Films like Terminator have strongly contributed to the sulphurous reputation of AI with a serie of unforgettable characters (humanoid robots and autonomous cyborgs conceived as indestructible soldier, infiltrator and assassin).

However, there are also researchers who doubt the relevance of the catastrophist approach cleverly orchestrated by some propagandists (philosophers, scientists and engineers) and the media. According to J.-G. Ganascia this climate of fear, artfully created and maintained by techno-prophets and technophobes, deserves to be dispelled through rigorous analysis. The French philosopher rejects the thesis of ‘technological singularity’ in which he sees a simple ‘myth’ (Le mythe de la singularité, 2017). In his view, singularity zealots who announce that artificial entities will soon be endowed with superhuman intelligence are basing their prediction on fallacious arguments or simply irrational fantasies. In short, when it comes to AI, the boundaries between science fiction and science are porous The replacement of Humans by Machines is not for tomorrow, and probably never will be. It should be remembered that there is no such thing as strong AI at present, much less ‘super AI’ (see our blog post on the 2 versions of AI: weak AI and strong AI).

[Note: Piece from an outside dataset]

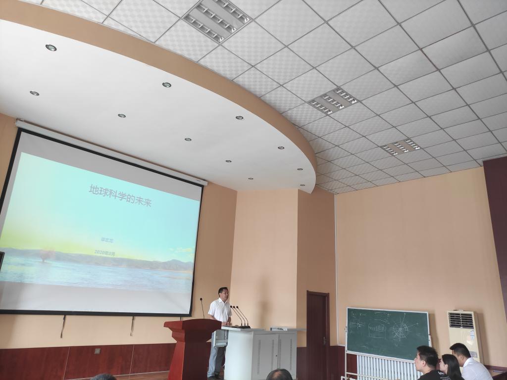 单院长就当前地球科学发展趋势为同学们做以详细的讲解。在大的时代背景下,地球科学的研究已经转变为以“山、水、林、田、湖、草”等多业务融合为对象的研究。单院长指出地球科学是立足于过去的地质史诗,服务于现在和未来人类生存的一门学科。虽然现今地球科学领域在前人的攻关下,已经形成了具有一定规模的理论根基,但仍有很多未解之谜等待我们来解决。21世纪地球系统科学的研究,应着眼于解决宜居地球问题。“从局域到全球,从定性到定量,从描述到机理,再从模式到预测”的研究是地球系统科学的突破口。单院长指出地球系统科学的前沿,一是探索地球深部过程,从而理解地球运行的“驱动机”;二是揭示地壳物质循环规律,进而理解地球物质的运动规律;三是研究圈层相互作用,以理解宜居地球的时空演变;四是通过整合圈层动力过程,模拟和预测地球未来变化。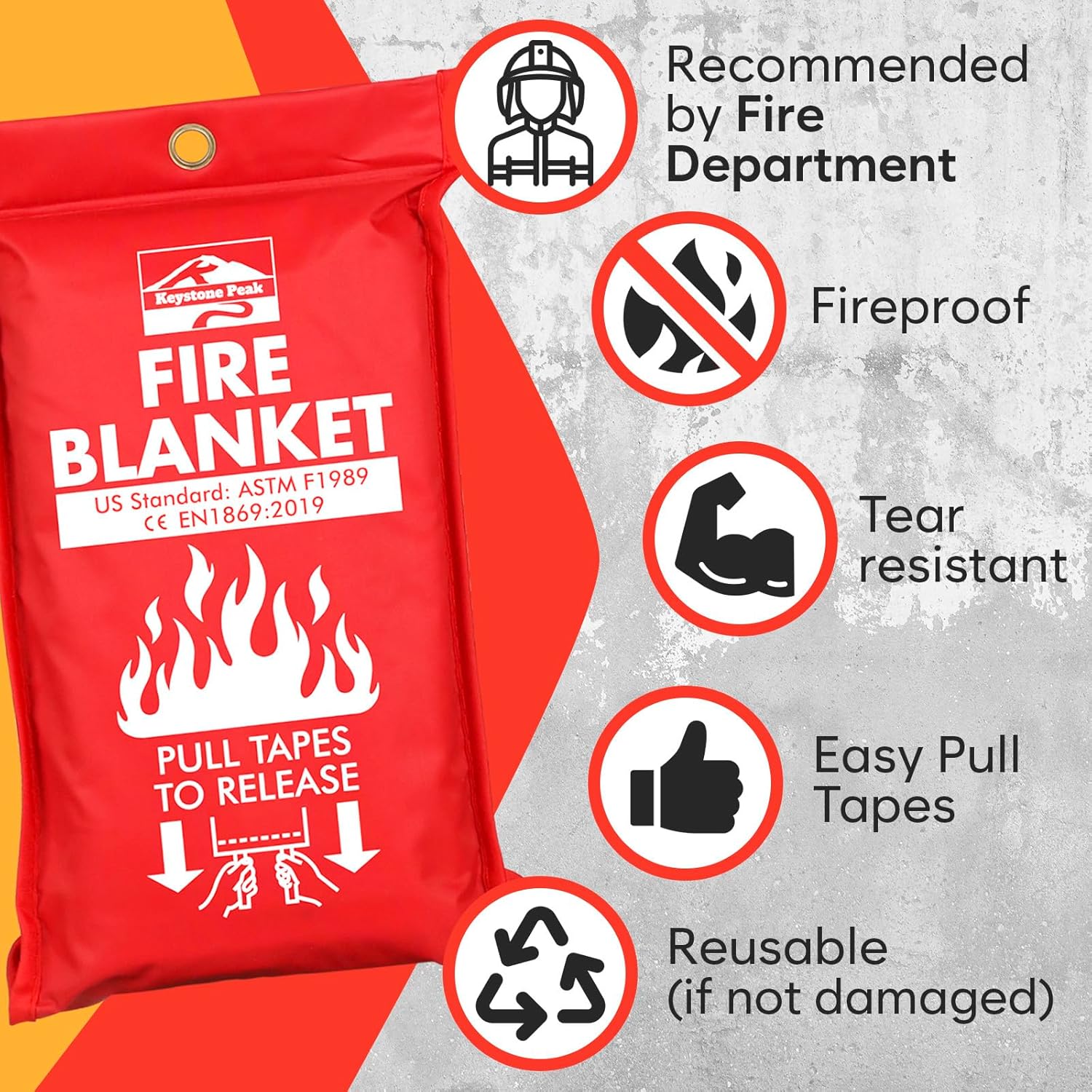 π‘οΈ US STANDARDS COMPLIANT: Made from 100% quality flame retardant fiberglass. Our emergency fire blankets are designed in the USA and conform to US and CE safety standards (ASTM F1989 & EN 1896:1997). They can resist to extremely high temperatures up to 1080Β°F.

Most AI-powered robots are given a friendly appearance to reassure people and facilitate human-machine interactions. The uprising of ‘Pepper’ robots is quite difficult to imagine…

If one wants to remain rational, while being cautious about the risks inherent in new technologies, it is useful to consider the proven threats of AI. For example, with regard to infringements of fundamental rights : respect for privacy, absence of discriminatory algorithmic bias, liability regime in case of damage caused by autonomous AI systems, ban on social scoring by public authorities. The reports from think tanks and experts on this subject are quite alarming. Concerns about AI should stem from its current and actual applications, not from the futuristic speculations of a few transhumanists. The ethics of AI (fair Machine learning) and legal issues will be the subject of a later blog post. This is a topic that needs to be addressed seriously and urgently.